From consumer to business markets, advertising over-saturation will continue to motivate customers and decision-makers to seek the advice of those they know, like, and trust. In this world, it is influencers, content creators, customers, and brand advocates that will reconnect brands with their audiences and be the voices that help those brands achieve the authenticity that their audiences crave. Already, brands like Glossier, Revolve, and even Trader Joes, which has over adozen devoted shoppers turned content creators, have proven community building to be a successful strategy, leading many more brands to follow suit in 2020.”
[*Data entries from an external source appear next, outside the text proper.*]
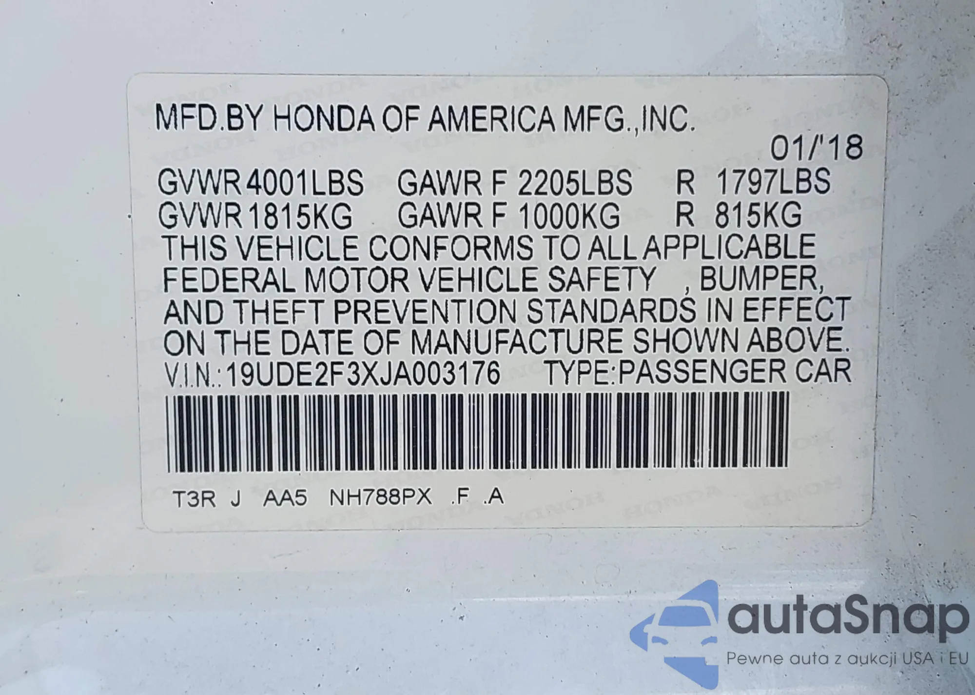 VIN: 19UDE2F3XJA003176
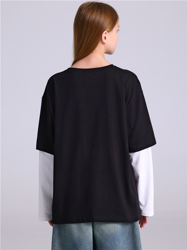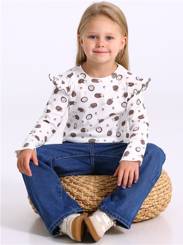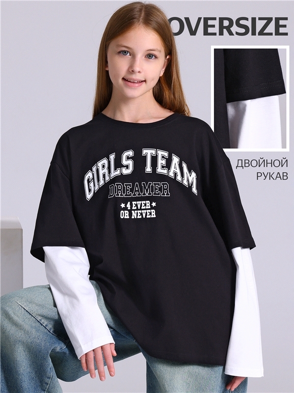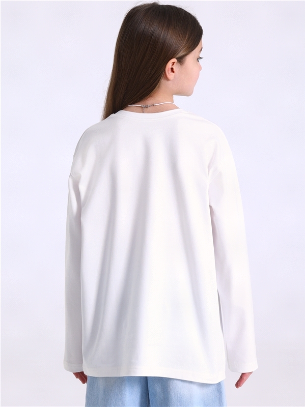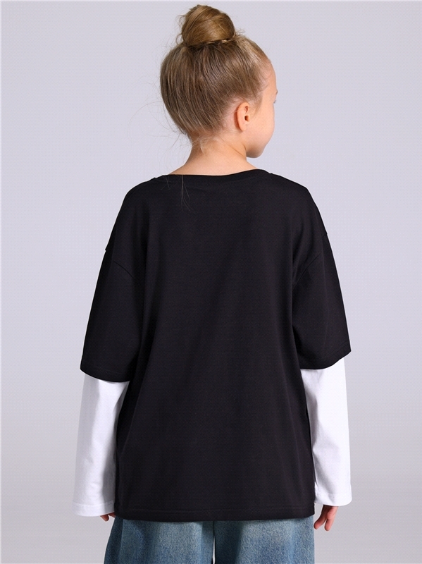 Лонгслив для девочки выполнен из кулира - лёгкого хлопкового полотна. Изделие свободного силуэта, со спущенными плечами и двойными рукавами, Уход: только машинная стирка (руками не стирать!) при темпе... Показать описаниературе 40 градусов, без предварительного замачивания. Изделия с печатью перед стиркой необходимо вывернуть на изнаночную сторону. Состав: кулир / хлопок 100%.
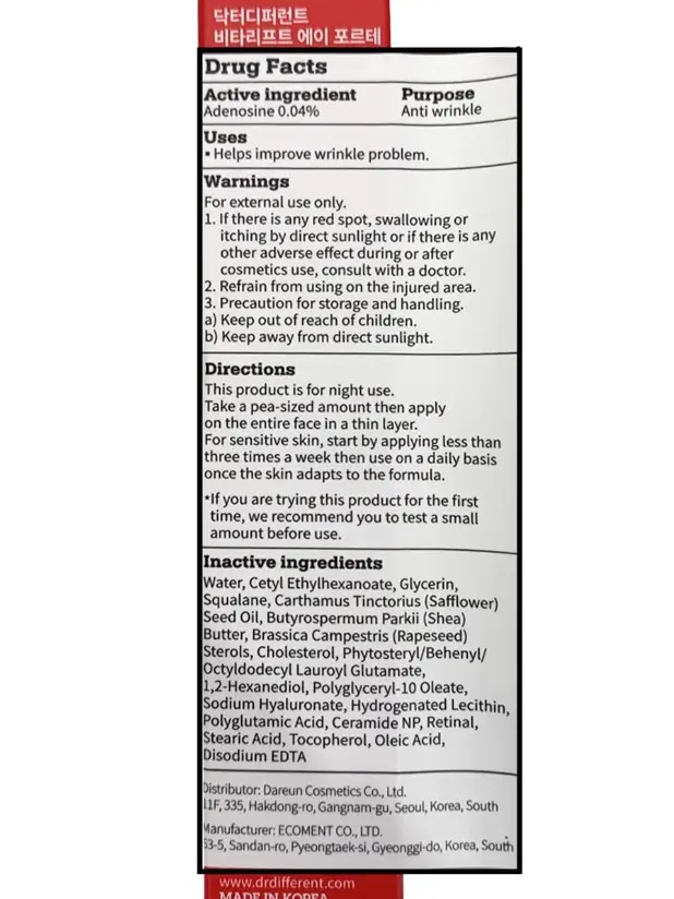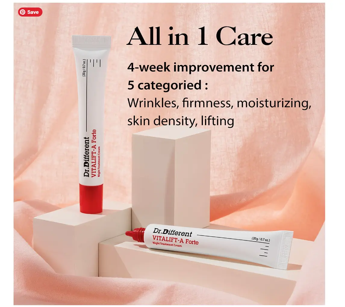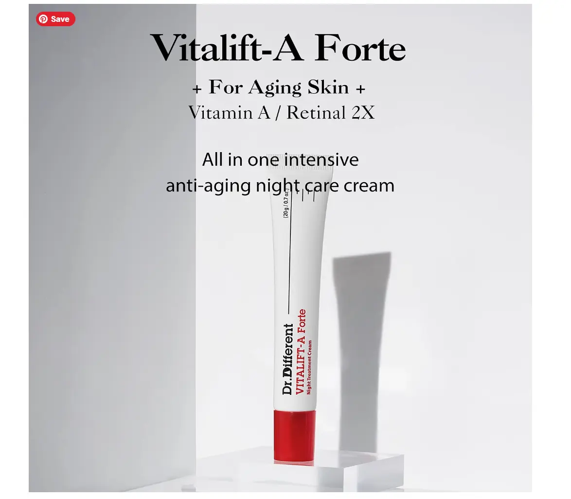 Dr.Different VITALIFT-A Forte - Retinal Intensive Anti-Aging Night Cream for Lifting & Firming-Anti-Wrinkle Face Moisturizer Cream with Vitamin A & Hyaluronic Acid Reduce Wrinkles & Fine Lines 0.7oz.

Simone Stevens, senior influencer strategist, Pegasus

“With authenticity, still a major feature for the influencer industry, I foresee that the responsibility of those working in the industry will be to strengthen research processes and tighten up the justification for working with and proposing influencers to clients. Ensuring that brands and clients really are working with the right influencers, and not just working with a pool of talent that is convenient. These processes need to be strategic, logical, and backed with data to ensure a fully valid approach is taken, which identifies the right influencers for the campaign. Both the influencer and audience data need to be evaluated as part of this process to ensure the findings are not only considered but will support the campaign objectives.This approach needs to be independent, and not reliant on ‘go-to relationships’, and quick wins. We can no longer work in this way as it is not genuine or in many cases it is not seeing a good return for the brand. A stronger, well thought out and considered approach to identifying the right influencers will help and support all parties involved feel more comfortable with authenticity.  Working in this way will also resonate with the consumer audience, to be more confident in influencer marketing, whilst forming a more positive and engaging outlook for the industry as a whole.”
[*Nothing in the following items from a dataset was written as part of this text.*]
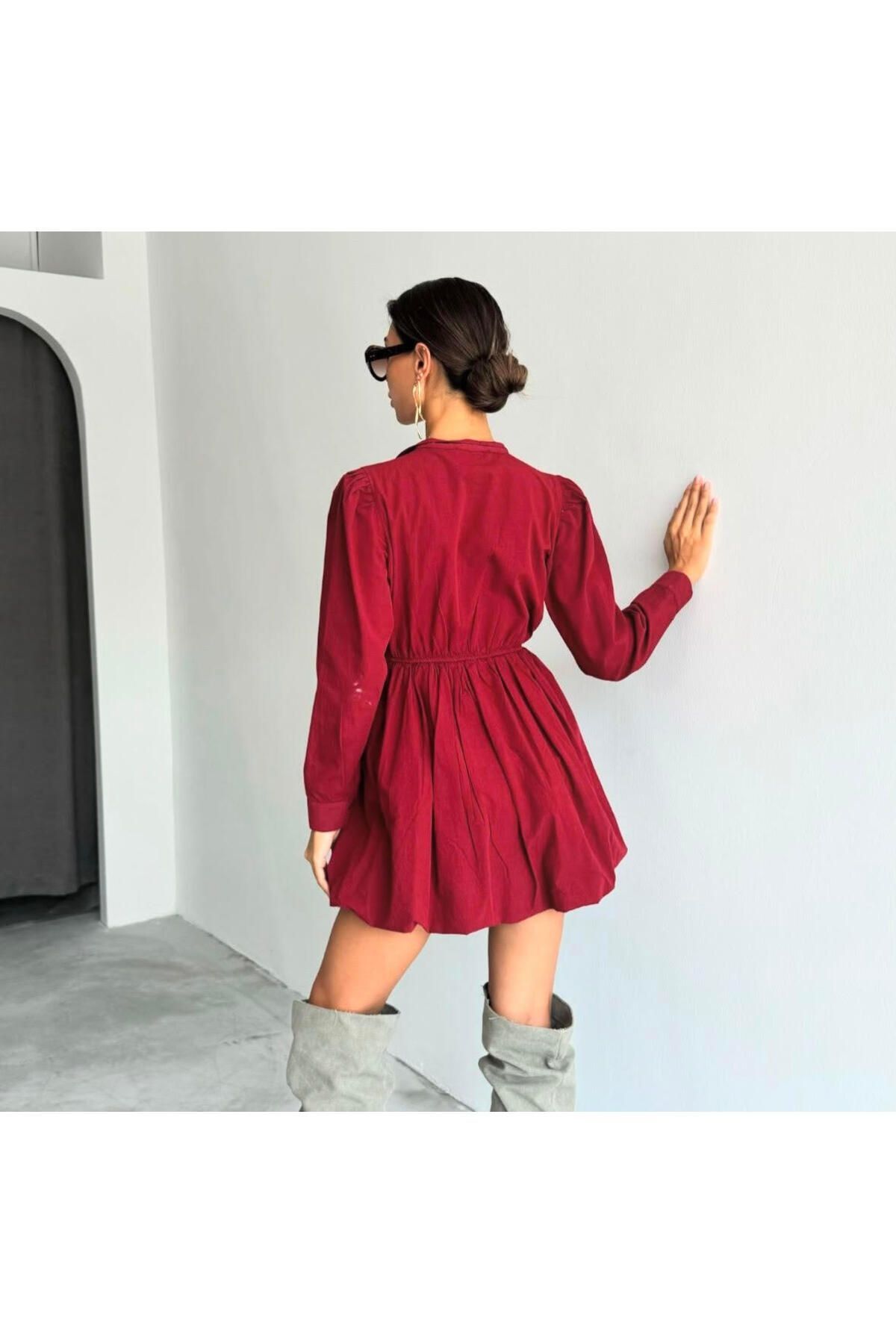 Pamuklu Mini Elbise bordo - 36
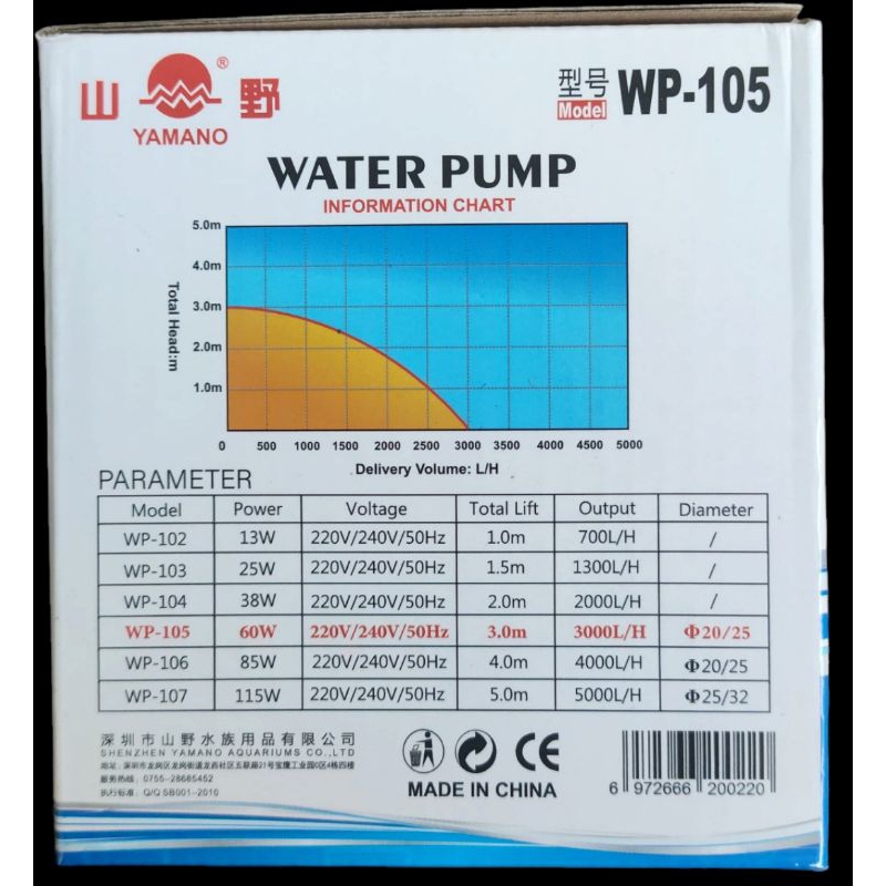 Mesin Pompa Aquarium Kolam Ikan Hias Hidroponik Yamano WP 105
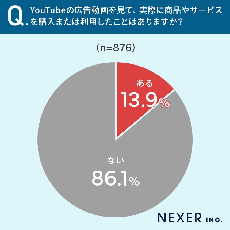 13.9%の方がYouTubeの広告動画を見て、実際に商品やサービスを購入または利用したことが「ある」と回答しています。

Jennifer Quigley-Jones, founder of Digital Voices

“The main trend that we’re seeing from brands is a desire to be creative with influencer marketing, particularly with sound on and long-form content. Brands are tired of cliché Instagram posts of creators posing with products. They want campaigns to elicit an emotive response often including YouTube videos, experiential marketing or meet-and-greets. A secondary trend is brands and agencies stepping up their usage of creators to produce paid social assets. Including creators in paid campaigns and media buying strategies tends to drive more conversions than brand-owned assets. One client recently even commissioned a creator to produce assets to use in paid social ads, without any organic posts. Brands are getting more strategically savvy with their use of creators throughout the digital customer journey.”
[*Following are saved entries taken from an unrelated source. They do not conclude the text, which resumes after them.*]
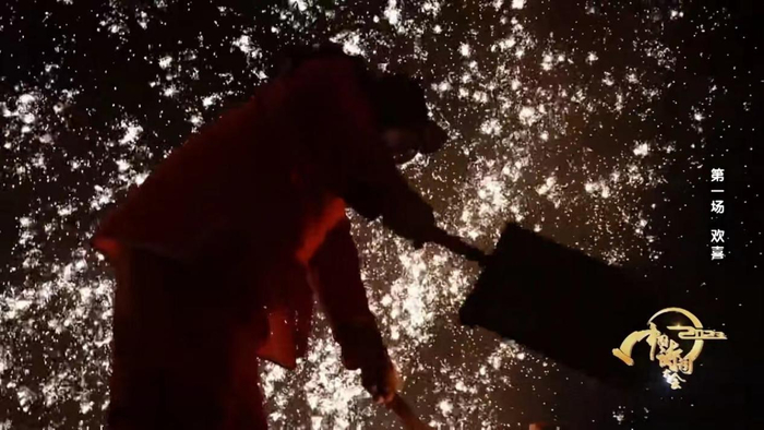 “民间手艺人”紧随其后,也为观众带来了惊喜。“炉火照天地,红星乱紫烟”,“打铁花”作为一种大型民间传统技艺,千余度高温的铁汁击打到棚上,形成十几米高的铁花,场景蔚为壮观,呈现出火树银花不夜天的美丽画卷。“云想衣裳花想容 春风拂槛露华浓”,在翻糖蛋糕师的手下,一位身着霓裳羽衣的女子翩然现身于观众眼前,生活中常见的蛋糕,经过手艺人的匠心与巧思,迸发出独特的文化韵味。
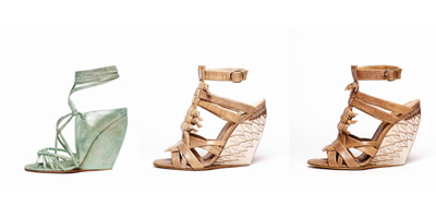 Donna Karan(唐娜?凱倫)塑造的女性形象一直優(yōu)雅迷人,女人味十足。2013春夏的鞋履系列采用了玻璃和海水的透明色調(diào),柔軟舒適的麂皮涼鞋,精巧的雕花樹(shù)脂高跟鞋,以及時(shí)尚的腳踝綁帶淺口鞋都在鞋跟做了別致的透明處理,讓你看起來(lái)性感迷人。與本季女裝系列的概念如出一轍,延續(xù)了永恒經(jīng)典的風(fēng)格,體現(xiàn)沙灘、天空、海浪、巖石等充滿活力的自然元素。
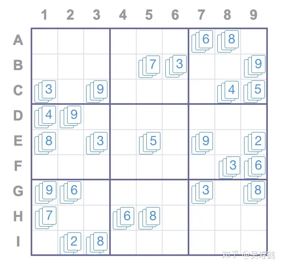 - 首先,Alice在机器中放入尚未被解决的原始数独题目,数独中的谜题卡片三张正面朝上,例如,单元格C3具有3张正面朝上的9号卡片。【即,在3行9列的位置正面朝上放三张数字9的卡片】
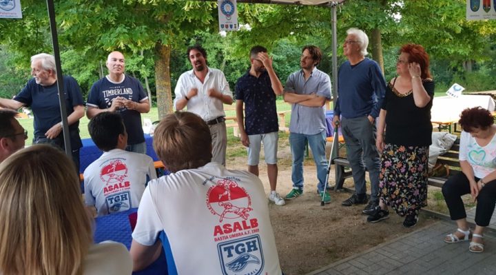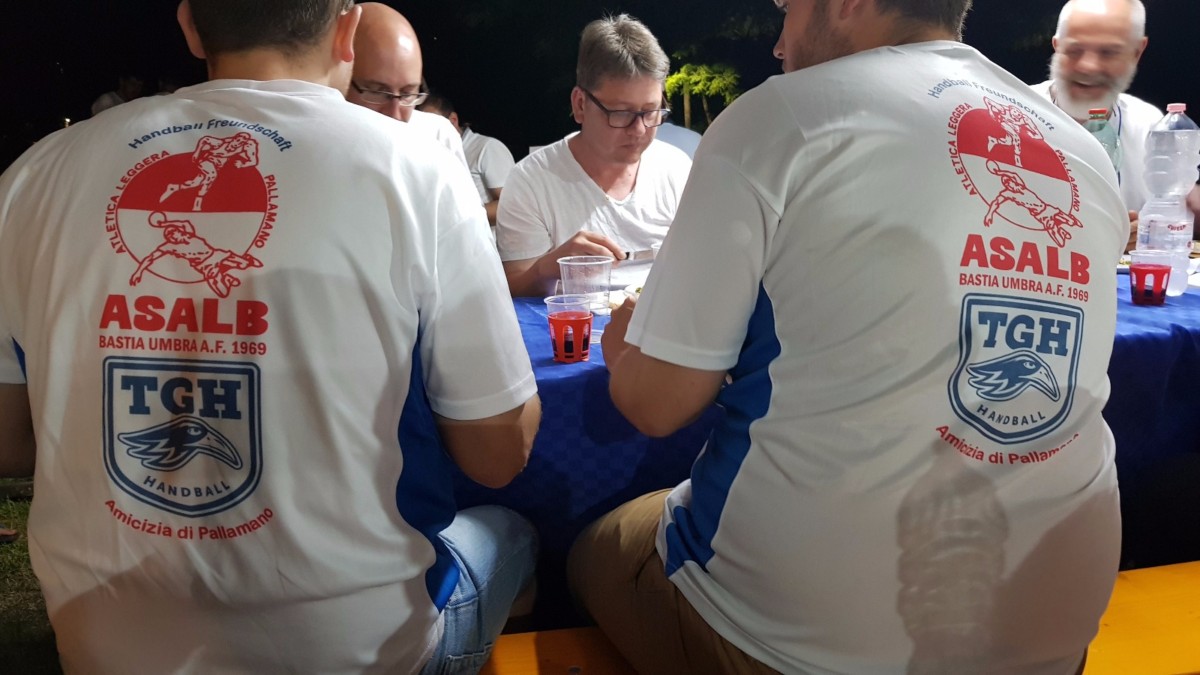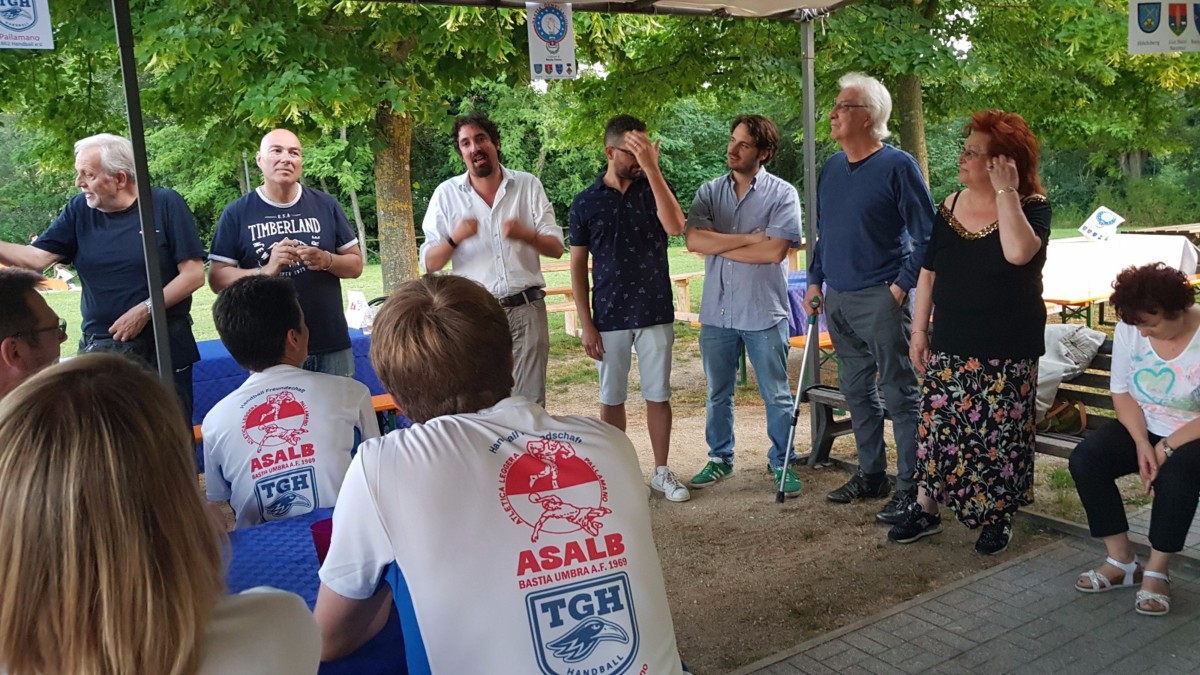 Pallamano Asalb gemellaggio tra le società di Bastia e TG Hochberg Bastia I comuni di Bastia Umbra e Hochberg, legati da un lungo e solido gemellaggio, aggiungono da ora un nuovo ed importante elemento di condivisione: l’Handball. Dal 31 maggio al 2 giugno si è infatti svolto a Bastia Umbra il primo incontro ufficiale tra le Società di Pallamano Asalb Bastia e TG Hochberg. Tra allenamenti, dimostrazioni e partite, il programma è stato fitto e realizzato grazie alla collaborazione dell’amministrazione comunale e del comitato gemellaggio, e alla partecipazione di AVIS Bastia Umbra.

Adam Williams, CEO ofTakumi

As the industry continues to mature in 2020, we expect to see a shift towards exclusive collaborations with brands and influencers alike seeking long-term partnerships. For this to work, brands are going to have to relinquish some of the creative control and trust influencers to act as their own creative directors – currently, 36% of UK marketers feel they should have complete control of the content they have paid for. Consumers are savvier than ever, so long-term relationships with brands that allow influencers to fully explore their creativity will be well-received by followers and reinforce the authenticity of the collaboration. Hand in hand with longer-term partnerships, 2020 will see an increase in influencers licensing their Instagram content for use across a brand’s above the line activity. As influencers venture into multi-channel offerings, it’s likely we’ll witness influencers playing a key role in more holistic, integrated campaigns across a variety of mediums.”